Riga detta la via alle sue “delserine”: <Non siamo al completo perché abbiamo perso sia Elena Giordano sia Anna Turel. Siamo con il morale alle stelle, consapevoli di avere fatto un grandissimo percorso. Dovremo lavorare su ogni pallone senza ingenuità. Dovremo fare bene le cose facili e mettere in campo quel che già sappiamo fare, non chiedo di più. Servirà dare qualcosa di più dalla panchina, per irrobustire le rotazioni e garantire minuti di qualità e quantità da parte di chi andrà sul parquet. Puntiamo a mantenere vivo questo sogno, consci di confrontarci con una società che nel prossimo futuro di sicuro vedremo ad altissimo livello. Giocheremo questa prima gara della serie in casa senza timore, voglio che manteniamo la testa alta e, qualsiasi risultato arriverà, saremo lì ad applaudire queste ragazze che in questo anno sportivo hanno dato il 120%>.
Gioca d’anticipo Achille Milani, assistente di Riga: <Le nostre dovranno costringere le avversarie a non giocare come sanno. Spetterà loro rompere il ritmo di gioco alle ospiti e i giochi che sono abituate a fare. Sarà necessario aggredirle e non stare a guardare. Le ragazze hanno speso tanto, soprattutto perché le rotazioni non sono ampie. Molte giocano tanti minuti e l’intensità è sempre alta. A fine regular season abbiamo disputato gare molto gravose, specie da un punto di vista fisico. Non vanno però dimenticate le nostre energie nervose che possono sopperire alla fatica e finora hanno sorretto un’alta intensità e un buon grado di attenzione nelle gare. L’entusiasmo di affrontare una semifinale sarà importantissimo anche dal punto di vista fisico e ci permetterà di tenere il giusto agonismo. Speriamo solo che il caldo non giochi qualche brutto scherzo>.
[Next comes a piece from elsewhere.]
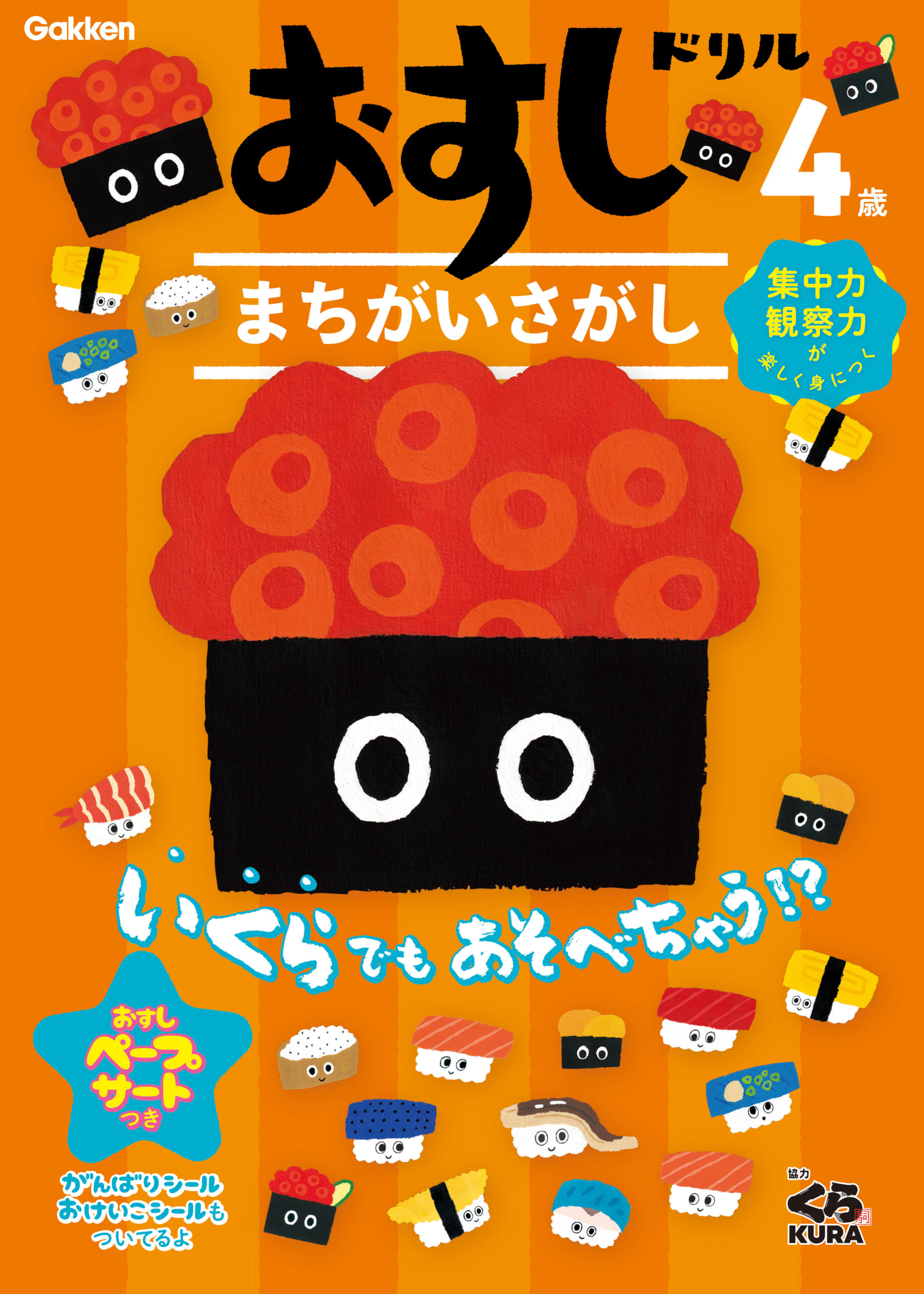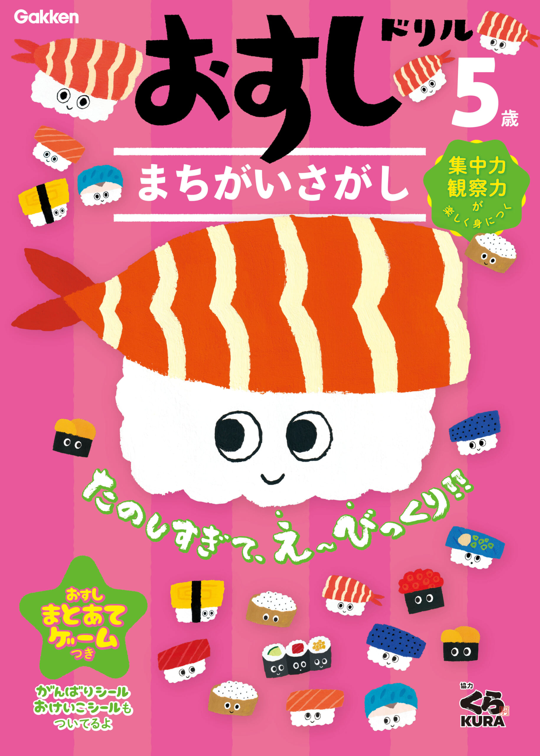 “食を通じて次世代を担う子どもたちの発育に貢献したい”という思いが、おすしドリルとマッチし、新刊の「まちがいさがし」では大人気回転ずしチェーン「くら寿司」さんとコラボ!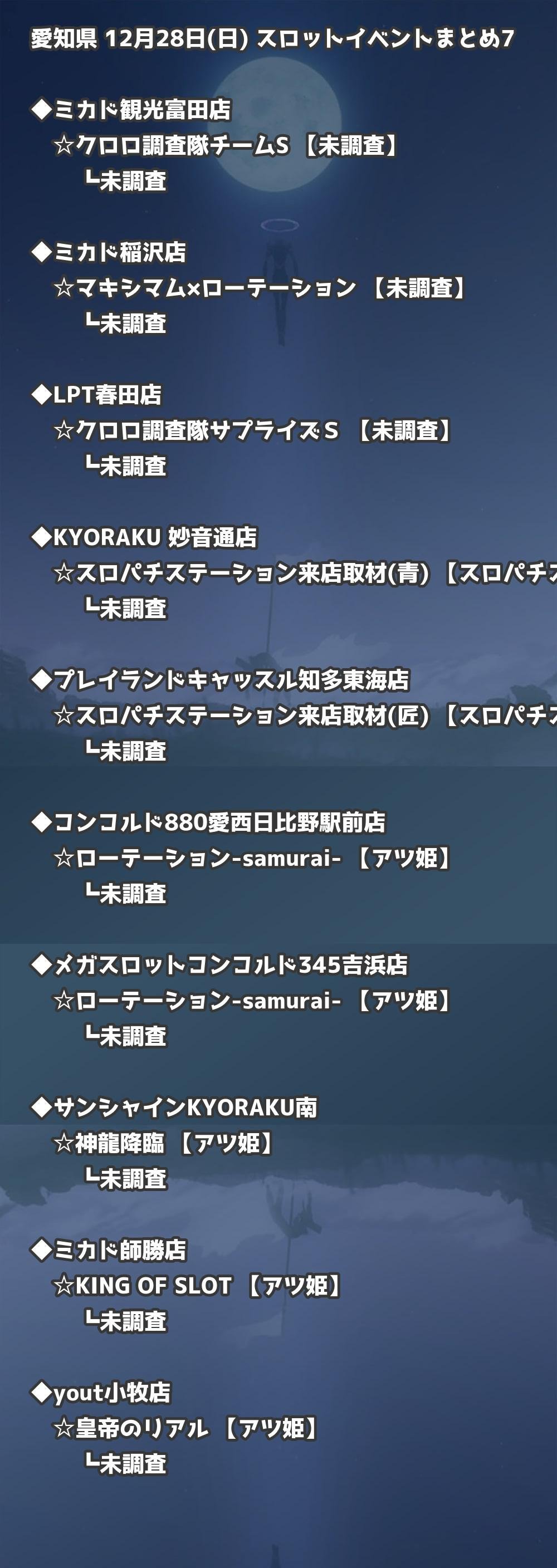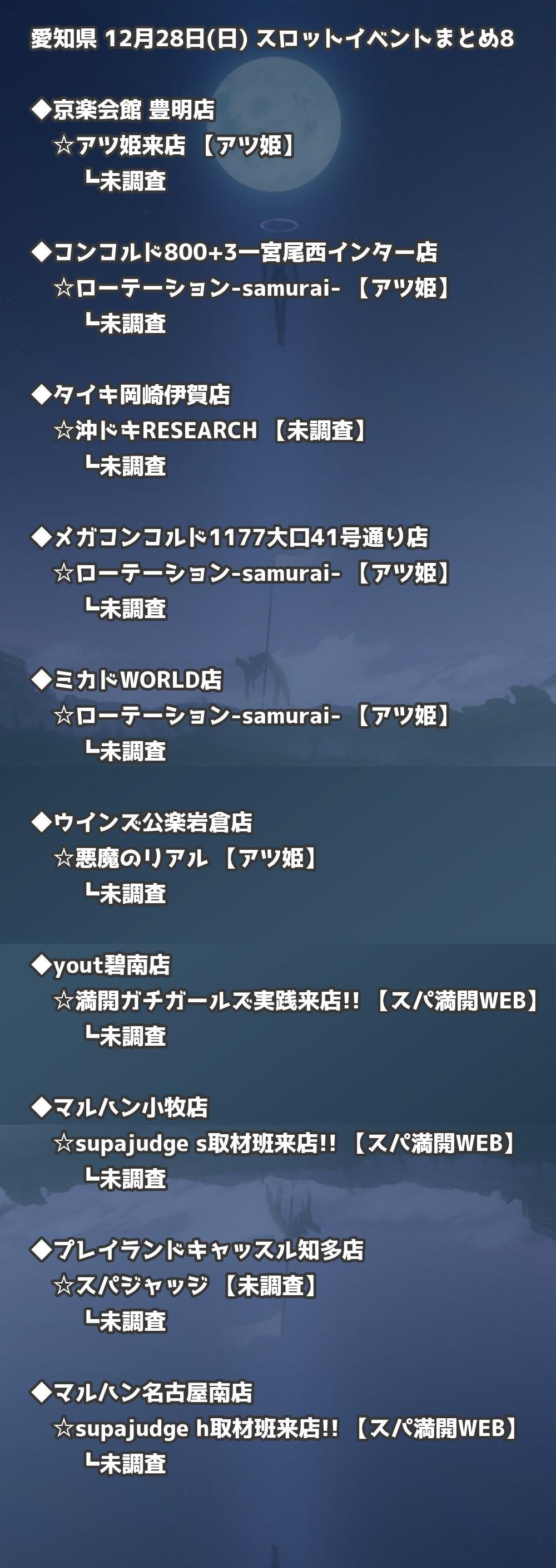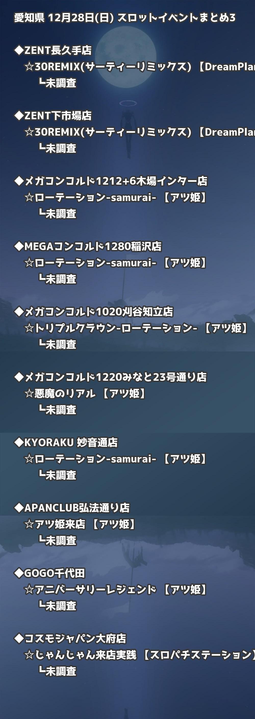 【愛知県】12月28日(日) パチンコホールイベント取材まとめ記事です。

<Dopo un anno di lavoro che inizia a farsi sentire – spiega Sara De Biase fisioterapista ed ex giocatrice -, collaboro con le ragazze e lo staff per riuscire a ottenere la migliore resa fisica e per evitare qualunque stop anticipato. I play – off sono un’importante occasione conquistata sul campo per confrontarsi di nuovo con le migliori squadre del campionato e per dare fondo a inaspettate risorse fisiche, emotive e mentali in cornici di rilievo e con un’altissima posta in palio. In poche parole, date il massimo e che vinca il migliore>.
<La condizione è buona – assicura la preparatrice atletica Federica Gonnelli – considerando che siamo agli sgoccioli di un campionato lungo e impegnativo. Le rotazioni sono diminuite prima con l’infortunio di Giordano e poi di Turel, ma credo che le ragazze abbiano ancora benzina in corpo per farci vivere belle gare. Continuino a lavorare come sempre fatto durante tutto l’anno. Concentrazione e sorriso potranno essere le armi di questo gruppo>.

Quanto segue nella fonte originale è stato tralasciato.